4) All Control Objectives are also active.

Anyone have any thoughts or spots they suggest checking? The last time we saw something was on 07/10 and was Controls associated with 19 different Control Objectives with thousands of controls being retired per.

Thank you,

Erik

wojasso · ‎07-23-2025

When controls unexpectedly change to **Retired** the first thing to do is confirm that the update is coming from a scheduled script rather than a user. Open one of the affected control records and use **History → List** to inspect the audit entry that changed the **state** field; the audit context will show the scheduled job or business rule that executed as `system`.

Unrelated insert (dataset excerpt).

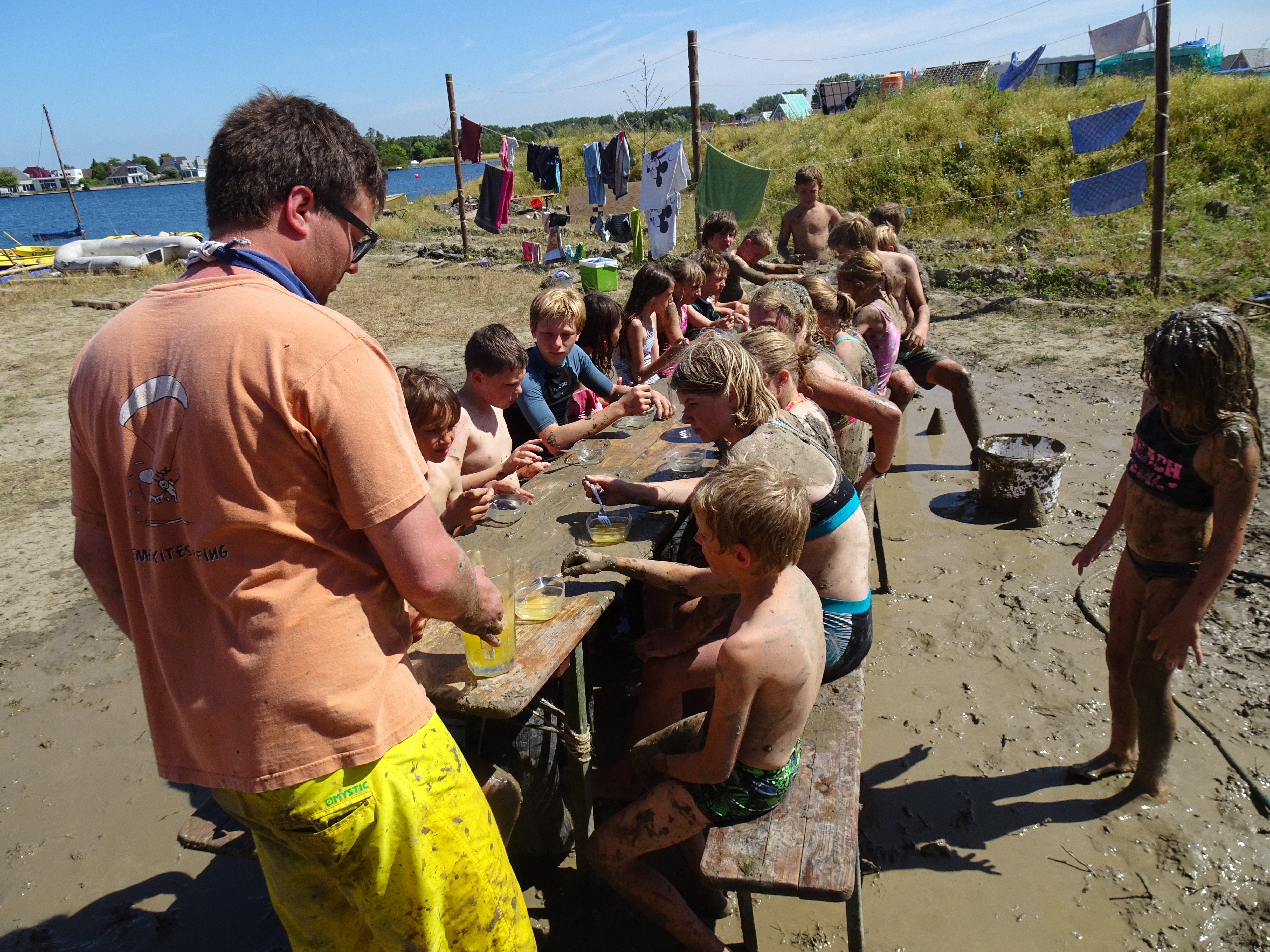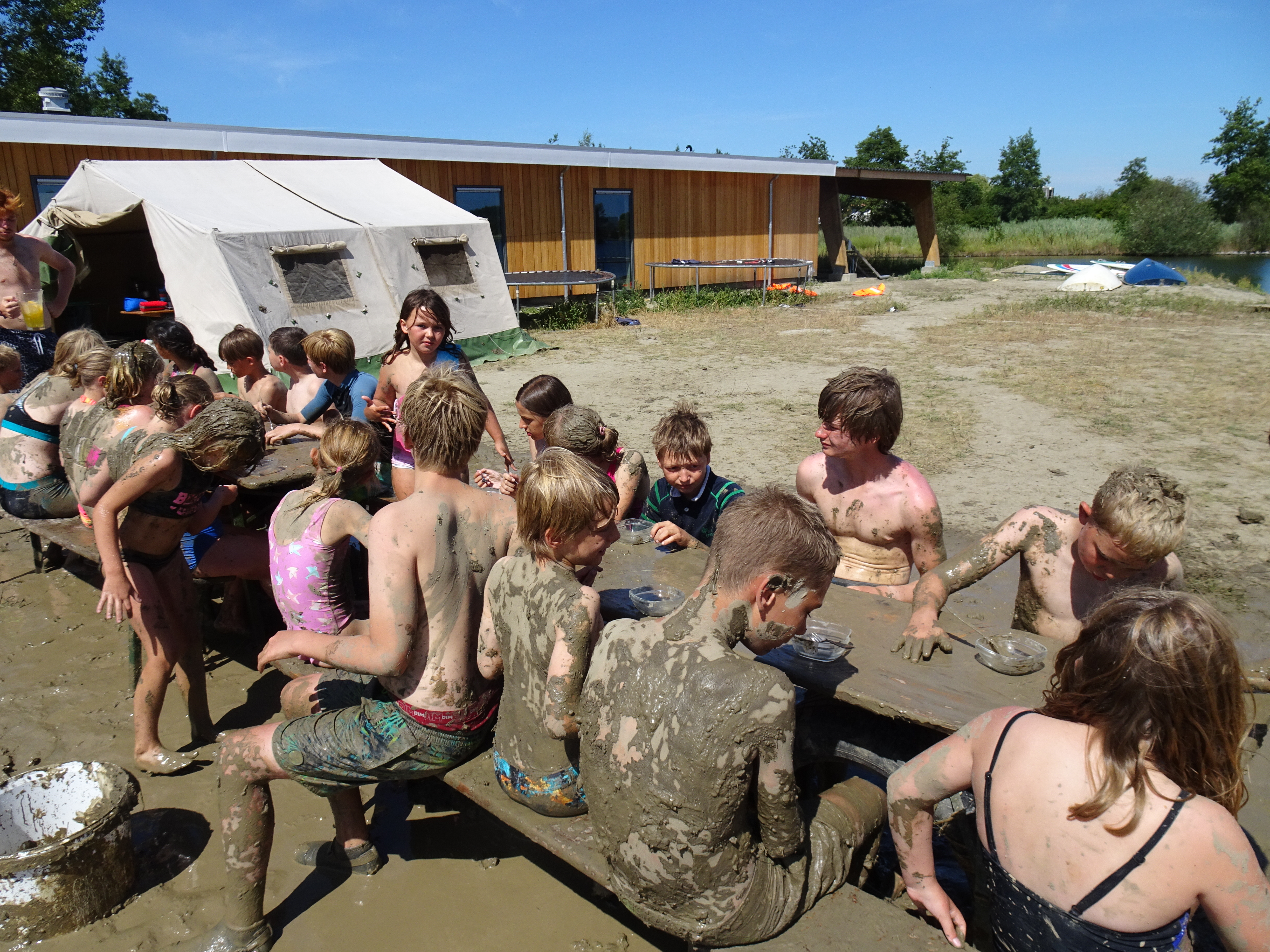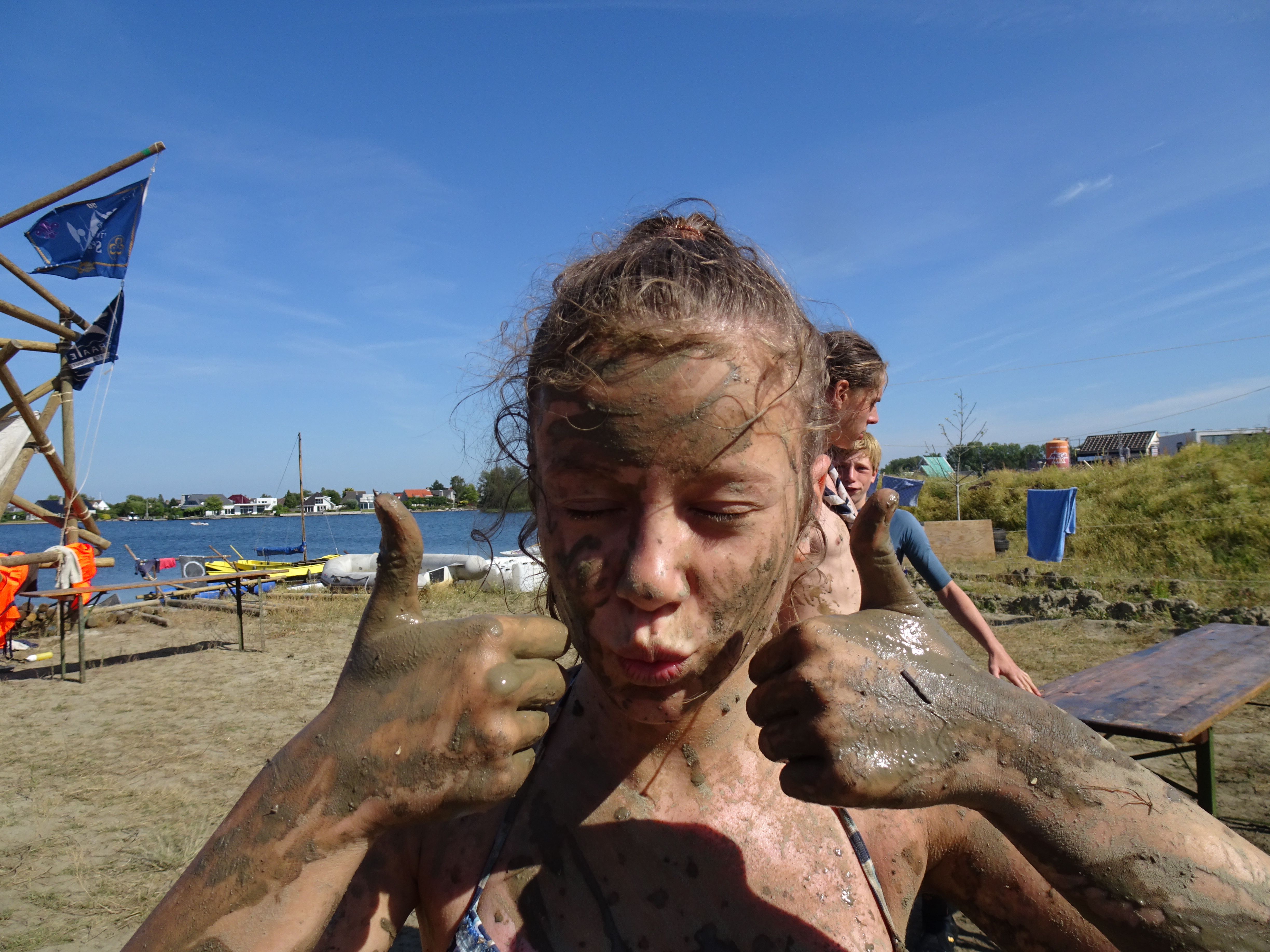 In de namiddag hebben we nog enkele opdrachten gedaan in verband met het spel: een parcours afleggen in de modder, eiwit opkloppen, spelletjes in het water, enz. Daarna mochten we ons afspoelen in het meer, want we waren allemaal héél vuil! Vanavond houden de welpen het rustig, want er is nog een nachtspel gepland.

From an IRM perspective there are a few out‑of‑box mechanisms that can automatically retire controls:

* **Lifecycle rules tied to Entities or Control Objectives** – A business rule and helper script (`sn_compliance.ControlLifecycleHelper`) retire controls when a related *Entity* or *Control Objective* is set to *Retired* or *Inactive*, or the relationship is removed. If someone de‑scoped an entity or objective, the downstream controls will be set to Retired by this rule.
* **UCF content updates** – With the UCF integration enabled there is a scheduled import processor that updates controls. If the property to automatically retire removed controls is on, any control that disappears from the source or is superseded will be retired during the import. Check the **UCF Content Update** scheduled job and the property `sn_ucf.retire_removed_controls`.
* **Scheduled jobs / flows** – Jobs such as *Retire Controls on Objective Retirement* and flows triggered by entity retirement call `ControlLifecycleHelper.retireControls()`. Go to **System Definition → Scheduled Jobs** and filter by application *Policy and Compliance* with names containing `control` or `retire` to see if any are running.

Suggested approach:

1. Pick a control that was retired on 07/10 and open its **History** to see exactly which update set entry retired it (the *sys_update_name* often includes the scheduled job name).
2. Cross‑check the status of the associated **Entities**, **Control Objectives** and **Policies** to make sure none were inactivated or removed on that date.
3. If UCF is in use, review the UCF import logs for that run and the integration properties to see if automatic retirement is enabled.
4. Review any custom scheduled scripts or flows in your environment that call the control lifecycle helper.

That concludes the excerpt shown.